Do you have an idea how that can be, even though I am setting the .ndata here to x ? x here is a dictionary mapping node type to feature tensors. @BarclayII @hockeybro12

hockeybro12 · October 12, 2020, 4:53pm

Did you try printing x at that function? Does it have the features you expect?

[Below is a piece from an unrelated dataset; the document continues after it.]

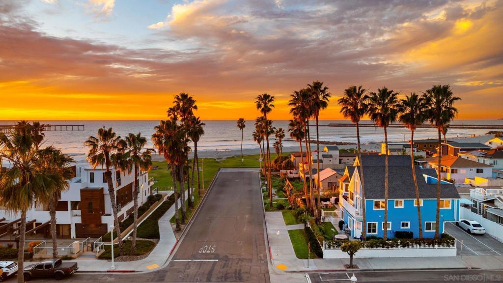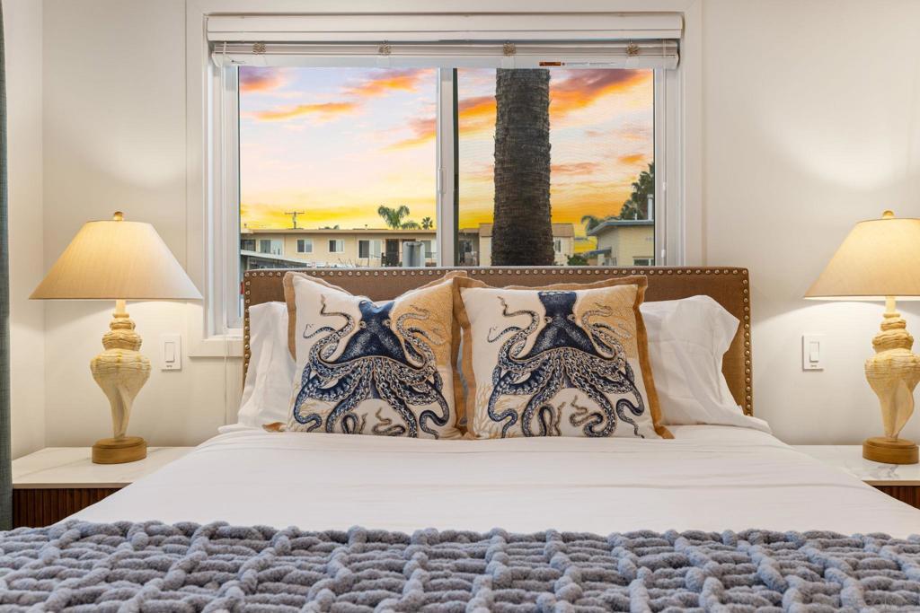 Ocean Beach Cottage with Views Just a half block from the sand and park, this charming 2BR/2BA single-level unit offers stunning ocean and pier views from the living room and front yard. Fire up the BBQ while waves crash and the sun sets over the pier. Only 2 blocks from shops, restaurants, bars, and the iconic OB Pier. Boogie boards, chairs, towels, umbrellas, and sand toys provided—everything you need for a perfect Cape Cod-style coastal getaway. This fully upgraded beach cottage features an open floor plan with fireplace, wall-mounted TV, and breakfast bar. The kitchen has stainless steel appliances, quartz countertops, and is stocked for home-cooked meals. The king bedroom has its own bath with tub, while the second bedroom offers a queen bed. A full-size pull-out sofa in the living room provides extra sleeping space. The home also has A/C, though ocean breezes and the sound of waves make opening the windows irresistible. The private front yard is ideal for morning coffee, afternoon BBQs, or simply relaxing with ocean views. The swim- and surf-friendly beach is just steps away, and the OB Pier—the longest concrete pier on the West Coast—is perfect for scenic walks, fishing, or dining. Tide pools below the pier are great for exploring. One of four units in the building, this cottage is perfect for couples, families, or groups needing multiple rentals. STR-11195L | TOT-617561
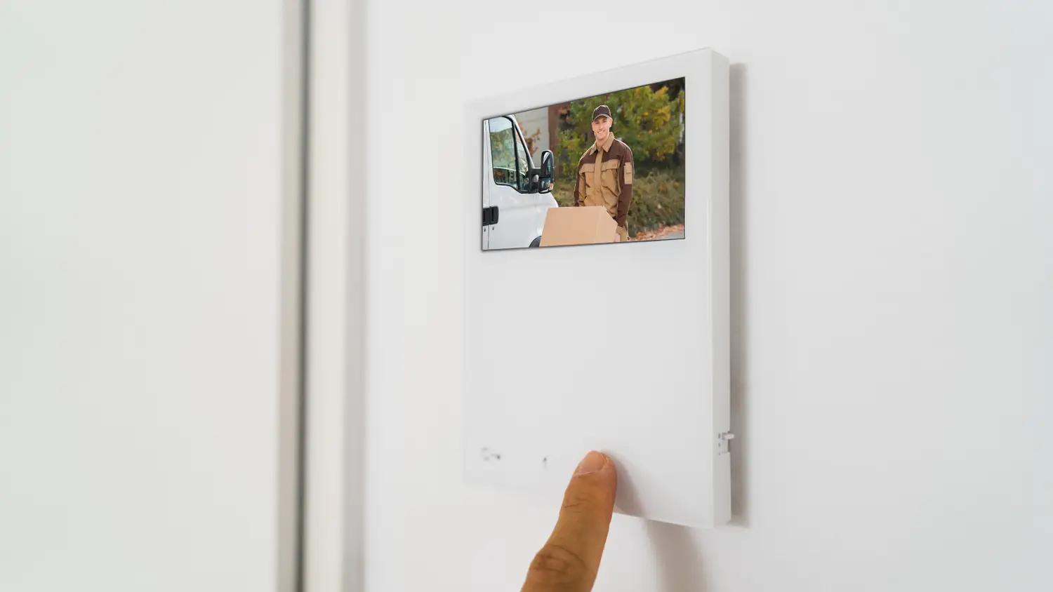 Comunique e veja quem está à porta da sua casa, através de um intercomunicador com câmara e ecrã. Pode ser integrado com o sistema de abertura da porta, permitindo abrir a porta remotamente, com um botão, com um código ou com uma impressão digital.

sopkri · October 13, 2020, 7:35am

x here is a dictionary mapping node type to tensor :

>>> x
{'protein': tensor([[ 1.5659e+00,  7.6492e-01, -1.3036e-01,  1.0010e+00,  7.0579e-01,
          1.3227e-02,  1.3354e-01,  1.3097e-01,  2.2603e-02,  1.6489e-01,
          1.1034e+00,  4.6917e-01],
       ...,
       grad_fn=<AddBackward0>)}

which is also saved in the ndata of the edge_subgraph:

>>> edge_subgraph.ndata
{'disease': {'feature': tensor([], size=(0, 500)), '_ID': tensor([], dtype=torch.int64)}, 'drug': {'feature': tensor([], size=(0, 7467)), '_ID': tensor([], dtype=torch.int64)}, 'protein': {'feature': tensor([[ 0.0000,  0.0000,  0.0000,  ...,  0.0000,  0.0000,  0.0000], ..., ]), 
'_ID': tensor([327,  35, 264,  27, 211, 114, 355, 367, 108, 303,  25, 238, 188, 194,
        272, 351, 157,  63, 343, 245, 331, 167, 120]), 
'x': tensor([[ 1.5659e+00,  7.6492e-01, -1.3036e-01,  1.0010e+00,  7.0579e-01, 1.3227e-02,  1.3354e-01,  1.3097e-01,  2.2603e-02,  1.6489e-01, 1.1034e+00,  4.6917e-01], ...,
        , grad_fn=<AddBackward0>)}}

it has the shape:

>>> x['protein'].shape
 torch.Size([23, 12])

since the edge_subgraph has corresponding number of nodes:

>>> edge_subgraph
Graph(num_nodes={'disease': 0, 'drug': 0, 'protein': 23},
         ...,
     )

I am not sure if this is correct, since it is a dictionary. But when I try to just take the dictionary value of x, it throws me an error that x has to be a dictionary. I could not find the source code of dgl.function.u_dot_v(), so I am not sure if it can handle the input being a dictionary.